Records from a collection ::

____________

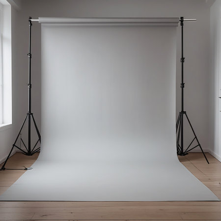 Professional photography studio setup with soft lighting and modern equipment, ready for a photo shoot.
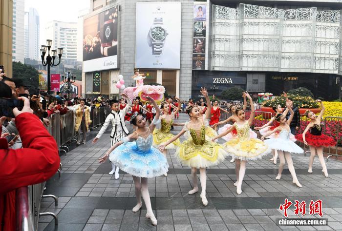 中新网重庆12月18日电 (记者钟旖)“这么近距离地观看重庆文化艺术表演,充满创意!”18日,穿过水泄不通的人群,重庆市民林林子高举手机,将镜头对准解放碑,频频按下快门。
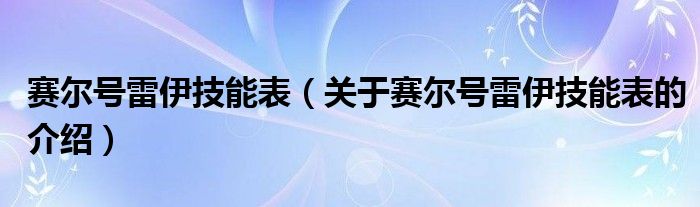 大家好,小新来为大家解答以上的问题。赛尔号雷伊技能表,关于赛尔号雷伊技能表的介绍很多人还不知道,现在让我们一起来看看吧!
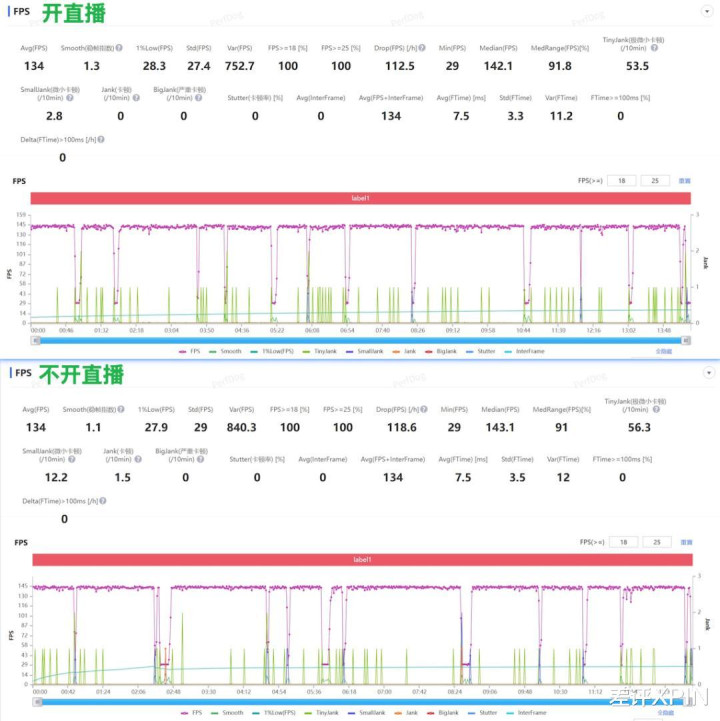 这里需要诠释的是,Perfdog 执出来的帧率之是以莫得 144 满帧,是因为扮装物化回到舆图界面时,游戏会把帧率降到 30 帧,是以平均帧就被拉低了。
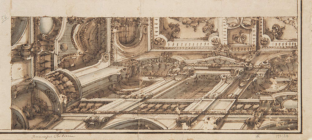 (attributed) "A prospective study" pen, brown ink and watercolour (mm 154x240) with inscription "Francesco Bibiena" (defects and losses)
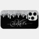 Éclairage brillant argent gris et noir Monogram iPhone 15 Coques. Personnalisez les accessoires girly avec votre nom et votre initiale. Le gris argenté clair dégoulinant fausse parties scintillant scintille sur le noir. Nous utilisons des photos d'étincelles. Veuillez noter que c'est une photo de parties scintillant !
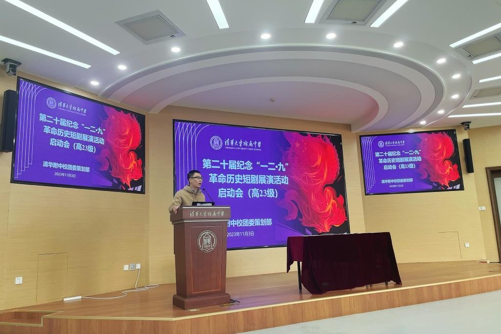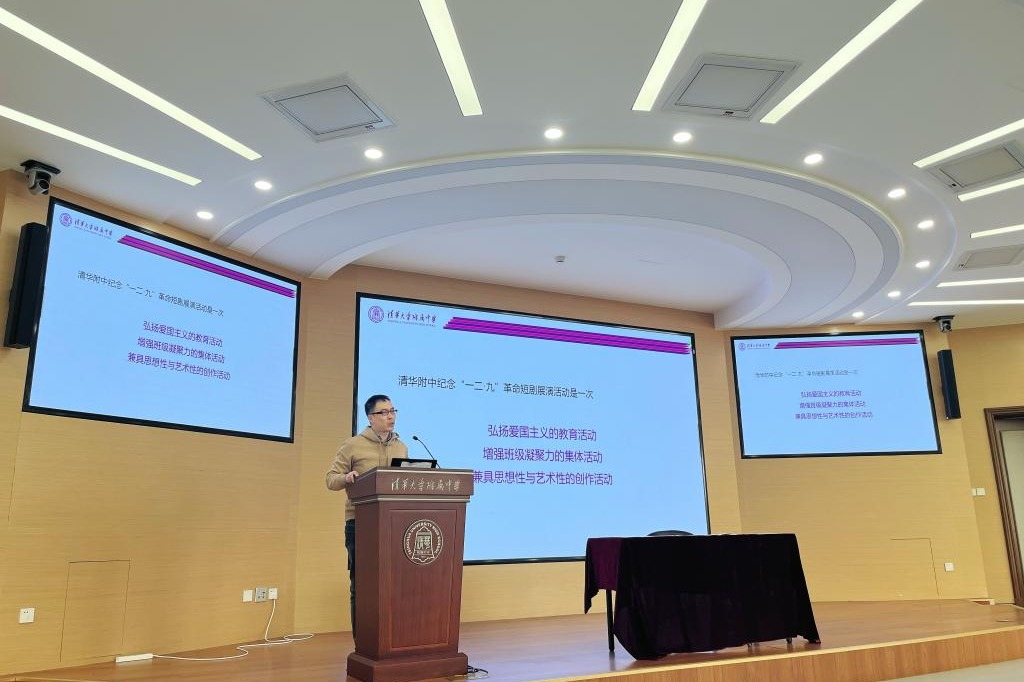 团委书记于洺老师也从自己的亲身经历向同学们介绍了一些注意事项,并强调纪念“一二·九”革命短剧展演活动是一次弘扬爱国主义的教育活动、一次增强班级凝聚力的集体活动、一次兼具思想性与艺术性的创作活动。

____________

DIRECTIONS :: Please restate the entries word for word. Skip the pictures.

EXPECTED ANSWER ::
 Professional photography studio setup with soft lighting and modern equipment, ready for a photo shoot.
 中新网重庆12月18日电 (记者钟旖)“这么近距离地观看重庆文化艺术表演,充满创意!”18日,穿过水泄不通的人群,重庆市民林林子高举手机,将镜头对准解放碑,频频按下快门。
 大家好,小新来为大家解答以上的问题。赛尔号雷伊技能表,关于赛尔号雷伊技能表的介绍很多人还不知道,现在让我们一起来看看吧!
 这里需要诠释的是,Perfdog 执出来的帧率之是以莫得 144 满帧,是因为扮装物化回到舆图界面时,游戏会把帧率降到 30 帧,是以平均帧就被拉低了。
 (attributed) "A prospective study" pen, brown ink and watercolour (mm 154x240) with inscription "Francesco Bibiena" (defects and losses)
 Éclairage brillant argent gris et noir Monogram iPhone 15 Coques. Personnalisez les accessoires girly avec votre nom et votre initiale. Le gris argenté clair dégoulinant fausse parties scintillant scintille sur le noir. Nous utilisons des photos d'étincelles. Veuillez noter que c'est une photo de parties scintillant !
 团委书记于洺老师也从自己的亲身经历向同学们介绍了一些注意事项,并强调纪念“一二·九”革命短剧展演活动是一次弘扬爱国主义的教育活动、一次增强班级凝聚力的集体活动、一次兼具思想性与艺术性的创作活动。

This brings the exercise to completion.